By the way, I think that vanilla Julia version of OpenMP version of your program would be something like (with round robin balancing)

function f(n = 1000)
    res = Threads.Atomic{Float64}(0.0)
    @sync for _ in 1:Threads.nthreads()
        Threads.@spawn begin
            id = Threads.threadid()
            nth = Threads.nthreads()
            i = id
            s = 0.0
            while i <= n
                s += sin(i)
                i += nth
            end
            Threads.atomic_add!(res, s)
        end
    end
    return res[]
end

julia> @time f(1_000_000_000)
  9.510698 seconds (41 allocations: 2.453 KiB)
0.42129448674568837

julia> Threads.nthreads()
4

I wonder, how Julia avoids false sharing?

2 Likes

Just for playing around, this is how your option (f_omp) compares with other alternatives:

leandro@pitico:~/Drive/Work/JuliaPlay% julia -t8 ompt.jl 
manual:   73.762 ms (44 allocations: 3.84 KiB)
atomic:   675.404 ms (43 allocations: 3.69 KiB)
floop:   59.971 ms (63 allocations: 3.67 KiB)
f_omp:   54.586 ms (70 allocations: 4.47 KiB)

Code
using Base.Threads, BenchmarkTools, Test, FLoops

function f_manual(N)
    total_Sum = zeros(nthreads())
    @threads for i in 1:N
        total_Sum[threadid()] += sin(i)
    end
    sum(total_Sum)
end

function f_atomic(N)
    total_Sum = Atomic{Float64}(0.)
    @threads for i in 1:N
        atomic_add!(total_Sum,sin(i))
    end
    total_Sum.value
end

function f_floop(N)
    @floop for i in 1:N
        @reduce(total_Sum += sin(i))
    end
    total_Sum
end

function f_omp(N)
    res = Threads.Atomic{Float64}(0.0)
    @sync for _ in 1:Threads.nthreads()
        Threads.@spawn begin
            id = Threads.threadid()
            nth = Threads.nthreads()
            i = id
            s = 0.0
            while i <= N
                s += sin(i)
                i += nth
            end
            Threads.atomic_add!(res, s)
        end
    end
    return res[]
end

N = 10000000  

@test f_manual(N) ≈ f_atomic(N) ≈ f_floop(N) ≈ f_omp(N)

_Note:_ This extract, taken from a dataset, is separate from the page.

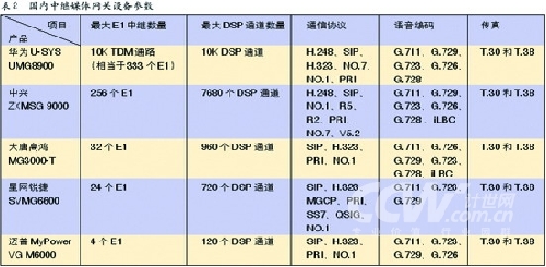 結(jié)合表2中的數(shù)據(jù),可以看出國(guó)內(nèi)中繼媒體網(wǎng)關(guān)設(shè)備制造商的定位非常類(lèi)似于軟交換設(shè)備的市場(chǎng)定位,從設(shè)備支持的最大E1數(shù)和最大DSP通道數(shù)來(lái)看,華為和中興的中繼媒體網(wǎng)關(guān)主要是面向運(yùn)營(yíng)商客戶(hù),不難發(fā)現(xiàn)網(wǎng)關(guān)支持的協(xié)議也最為豐富,能夠滿(mǎn)足和運(yùn)營(yíng)商不同協(xié)議體系網(wǎng)絡(luò)互通的需要。而大唐高鴻、星網(wǎng)銳捷和邁普的中繼媒體網(wǎng)關(guān)主要定位在企業(yè)行業(yè)客戶(hù)。

print("manual: "); @btime f_manual($N);
print("atomic: "); @btime f_atomic($N);
print("floop: "); @btime f_floop($N);
print("f_omp: "); @btime f_omp($N);

2 Likes

Sorry for asking, but what is the result of the OpenMP fortran version? For large enough n.

For N=1000000000

The fortran version takes: 0m15,044s (measured with system’s time).

Your version takes: 0m7,201s :open_mouth:

also measured from outside with time julia -t8 ...

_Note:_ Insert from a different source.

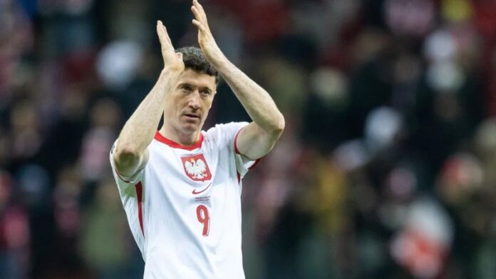 Lewandowski, de 37 anos, marcou 85 gols em 158 partidas pela Polônia.

For the records, this is the “Fortran” version in case:

Code
PROGRAM Parallel_Hello_World
USE OMP_LIB

REAL*8 :: partial_Sum, total_Sum

!$OMP PARALLEL PRIVATE(partial_Sum) SHARED(total_Sum)
    partial_Sum = 0.d0
    total_Sum = 0.d0

    !$OMP DO
    DO i=1,1000000000
        partial_Sum = partial_Sum + dsin(dble(i))
    END DO
    !$OMP END DO

    !$OMP CRITICAL
        total_Sum = total_Sum + partial_Sum
    !$OMP END CRITICAL

!$OMP END PARALLEL
PRINT *, "Total Sum: ", total_Sum

END

2 Likes

Reduction using atomics (or locks) is unlikely to perform well unless it is used very infrequently as in Skoffer’s code. However, this approach has another downside that the result is not deterministic for non-associative operators like + (atomic_add!) on floats. This does not occur in the approach used in packages like FLoops.jl and Folds.jl where the result is deterministic by default.